- The problem: Please set down, word for word, the line that contains "mudah patah. |" and every line after it to the end of the entries below, omitting the pictures.

·····

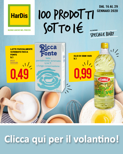 “100 PRODOTTI SOTTO 1€” valido dal 16 al 29 Gennaio CLICCA QUI per il volantino!
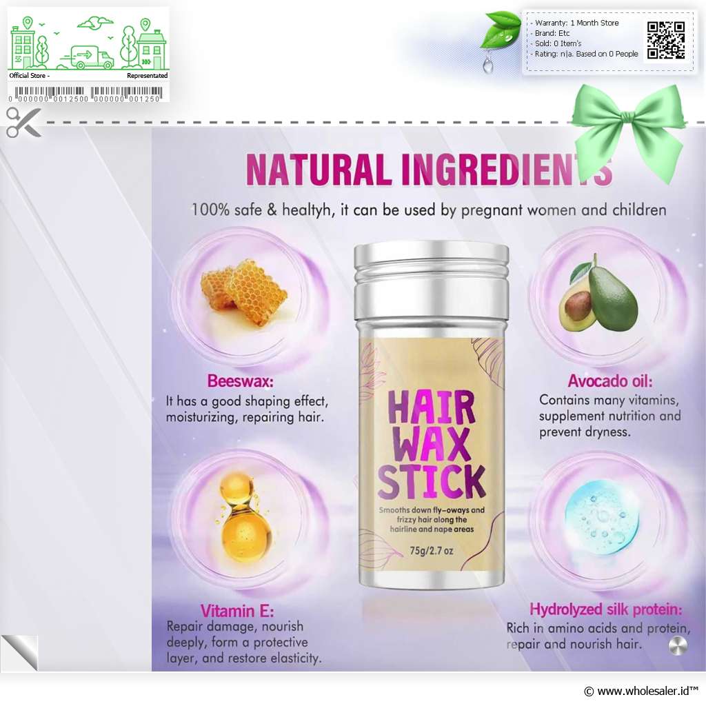 | Bantu Nutrisi Rambut Mengandung bahan-bahan bernutrisi yang bekerja menutrisi batang rambut sehingga rambut terlihat lebih sehat dan bersinar. Nutrisi yang terkandung pada wax stick ini bekerja hingga ke bagian terdalam batang rambut, membantu memperbaiki kutikula yang rusak yang membuat rambut menjadi lebih kuat, lentur, dan tidak mudah patah. |
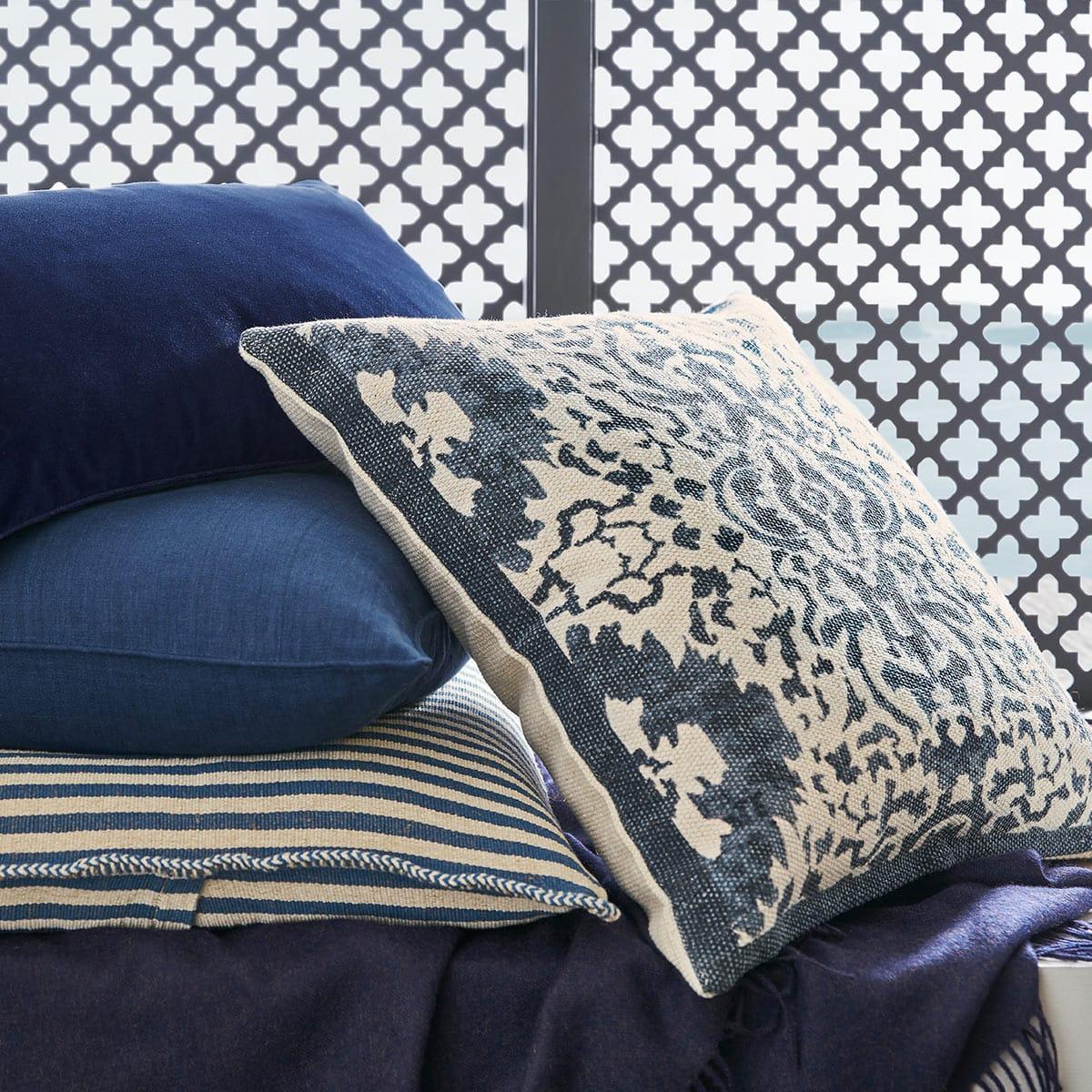 OKA, Nesbitt Cushion Cover - Blue, Cushion Covers, Cotton, Printed
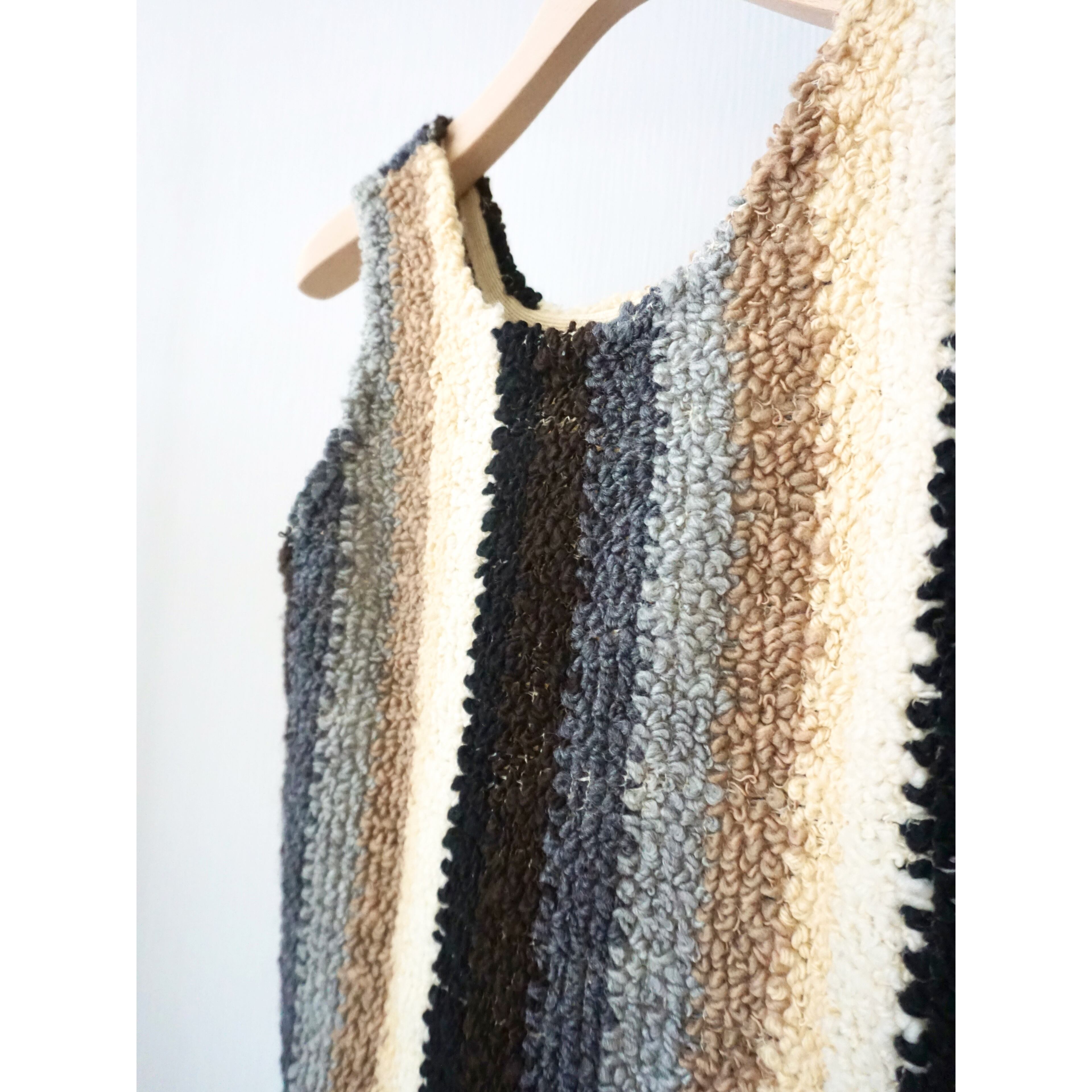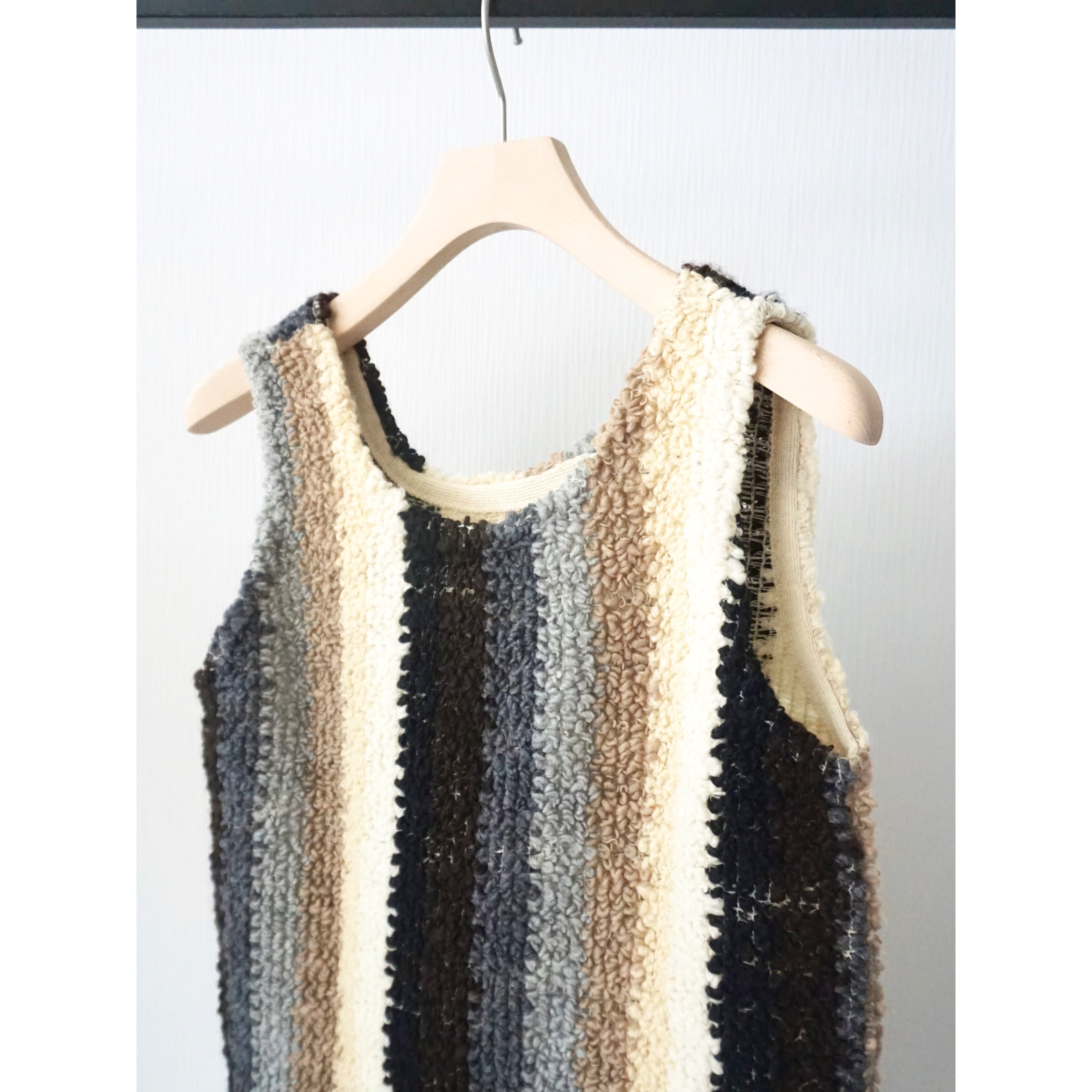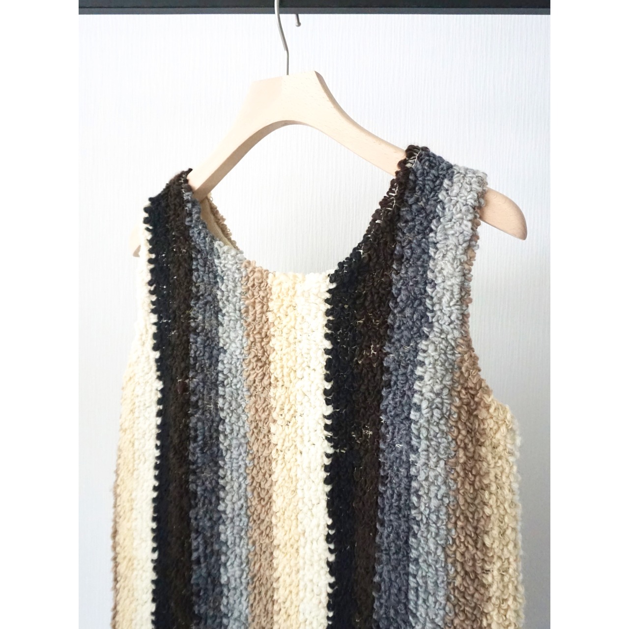 裾にフリンジがデザインされたノースリーブのニットトップスとなります☺︎
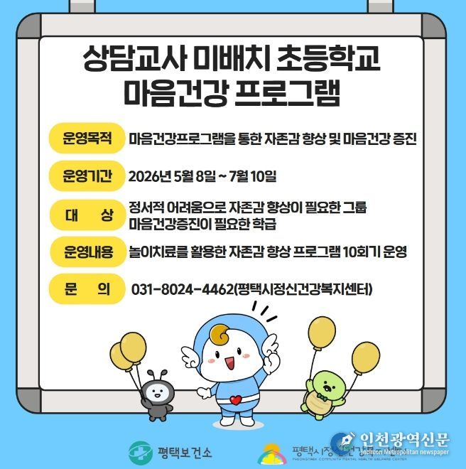 [인천광역신문] 최예준 기자 | 평택시는 상담교사가 배치되지 않은 초등학교 학생들의 정신건강 지원을 위해 ‘마음건강 프로그램’을 운영한다고 밝혔다.
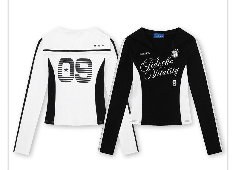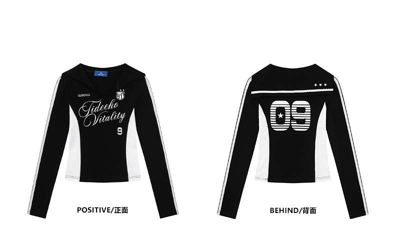 セーラーカラースポーティーナンバープリントカットソー/2color/cm0039
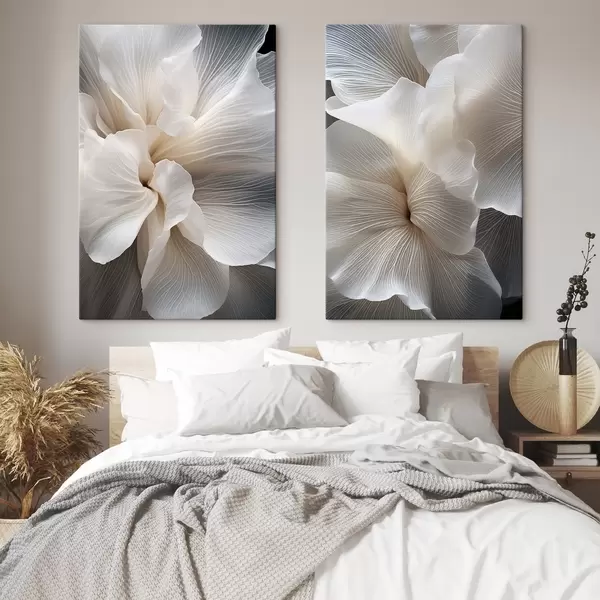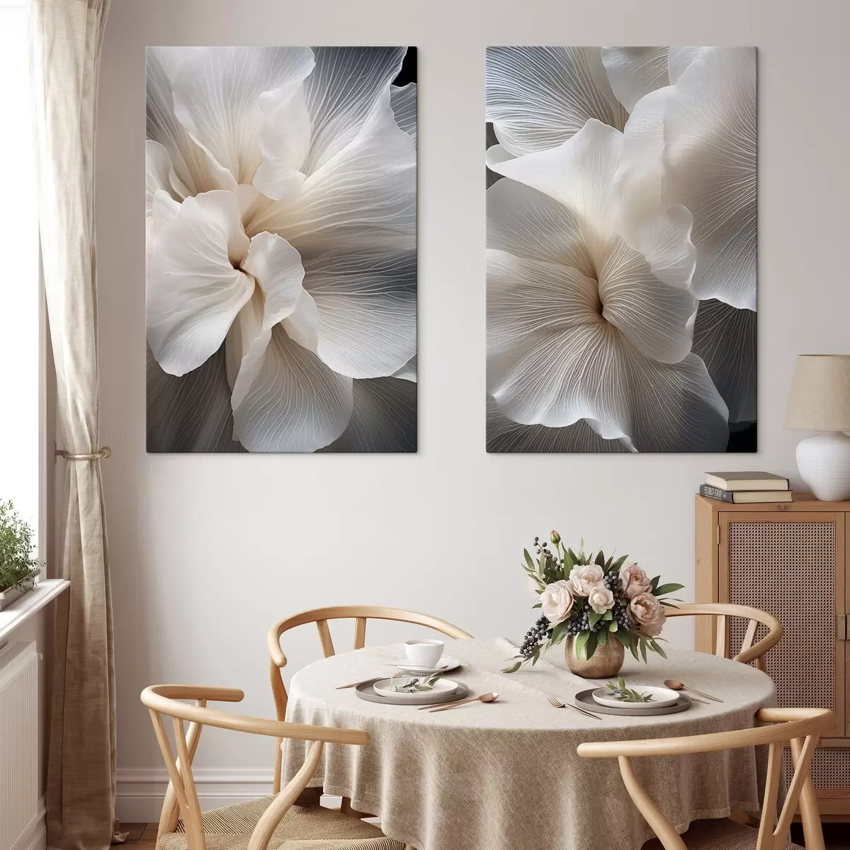 Maalid Lähedalt võetud foto õrnade abstraktsete valgetest õielehtedest, millel on keerulised jooned ja ähmane tume taust. Nr m01117
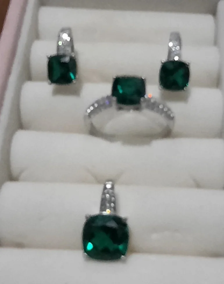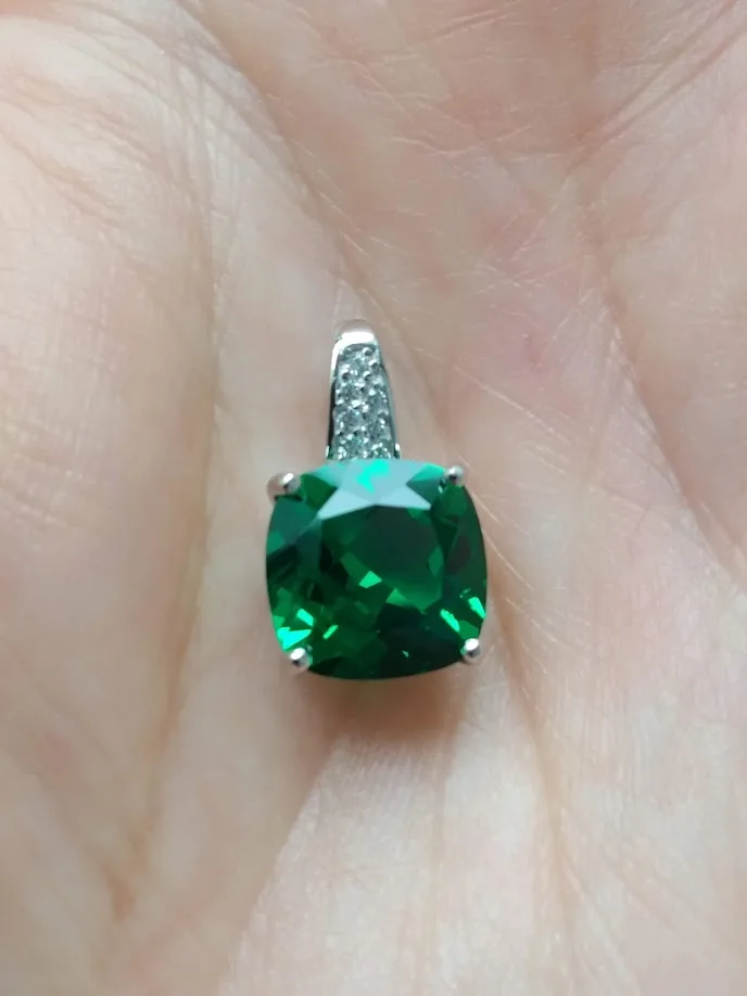 Женское ожерелье из серебра 925 пробы с искусственным зеленым изумрудом Нет цепи
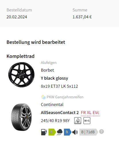 Mein Gedanke war, dass ich Winterfelgen und Reifen eh hätte kaufen müssen, von daher hab ich nun anstatt der Winterreifen die Ganzjahresreifen bestellt.
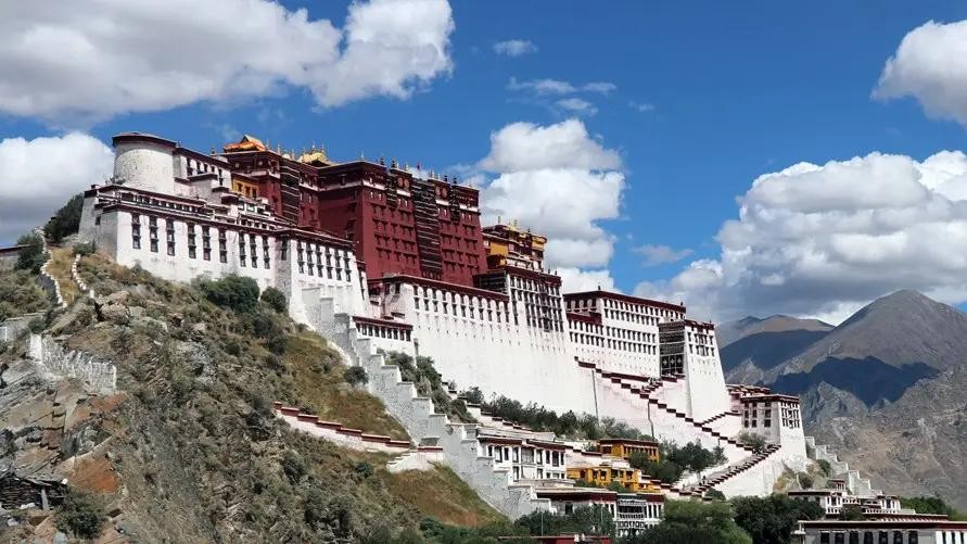 西藏拉萨-布达拉宫:西藏的代表,一座规模宏大的城堡式建筑群,屹立在拉萨市区西北的红山上,整座宫殿为典型的藏式建筑风格,依山而建,气势雄伟,宫殿正门前的布达拉宫广场成为著名的拍照纪念地。
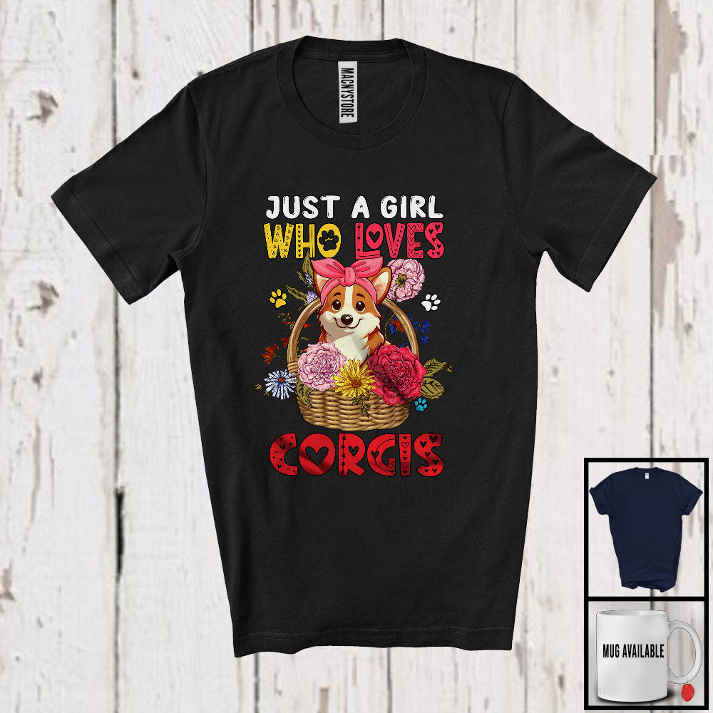 Just A Girl Who Loves Corgis; Adorable Dog In Floral Flowers Basket; Family Group T-Shirt. This cotton t-shirt is a durable staple product with a classic fit. One of the most popular items, it has a relaxed style made for everyday and casual wear.

·····

- Response box:
 | Bantu Nutrisi Rambut Mengandung bahan-bahan bernutrisi yang bekerja menutrisi batang rambut sehingga rambut terlihat lebih sehat dan bersinar. Nutrisi yang terkandung pada wax stick ini bekerja hingga ke bagian terdalam batang rambut, membantu memperbaiki kutikula yang rusak yang membuat rambut menjadi lebih kuat, lentur, dan tidak mudah patah. |
 OKA, Nesbitt Cushion Cover - Blue, Cushion Covers, Cotton, Printed
 裾にフリンジがデザインされたノースリーブのニットトップスとなります☺︎
 [인천광역신문] 최예준 기자 | 평택시는 상담교사가 배치되지 않은 초등학교 학생들의 정신건강 지원을 위해 ‘마음건강 프로그램’을 운영한다고 밝혔다.
 セーラーカラースポーティーナンバープリントカットソー/2color/cm0039
 Maalid Lähedalt võetud foto õrnade abstraktsete valgetest õielehtedest, millel on keerulised jooned ja ähmane tume taust. Nr m01117
 Женское ожерелье из серебра 925 пробы с искусственным зеленым изумрудом Нет цепи
 Mein Gedanke war, dass ich Winterfelgen und Reifen eh hätte kaufen müssen, von daher hab ich nun anstatt der Winterreifen die Ganzjahresreifen bestellt.
 西藏拉萨-布达拉宫:西藏的代表,一座规模宏大的城堡式建筑群,屹立在拉萨市区西北的红山上,整座宫殿为典型的藏式建筑风格,依山而建,气势雄伟,宫殿正门前的布达拉宫广场成为著名的拍照纪念地。
 Just A Girl Who Loves Corgis; Adorable Dog In Floral Flowers Basket; Family Group T-Shirt. This cotton t-shirt is a durable staple product with a classic fit. One of the most popular items, it has a relaxed style made for everyday and casual wear.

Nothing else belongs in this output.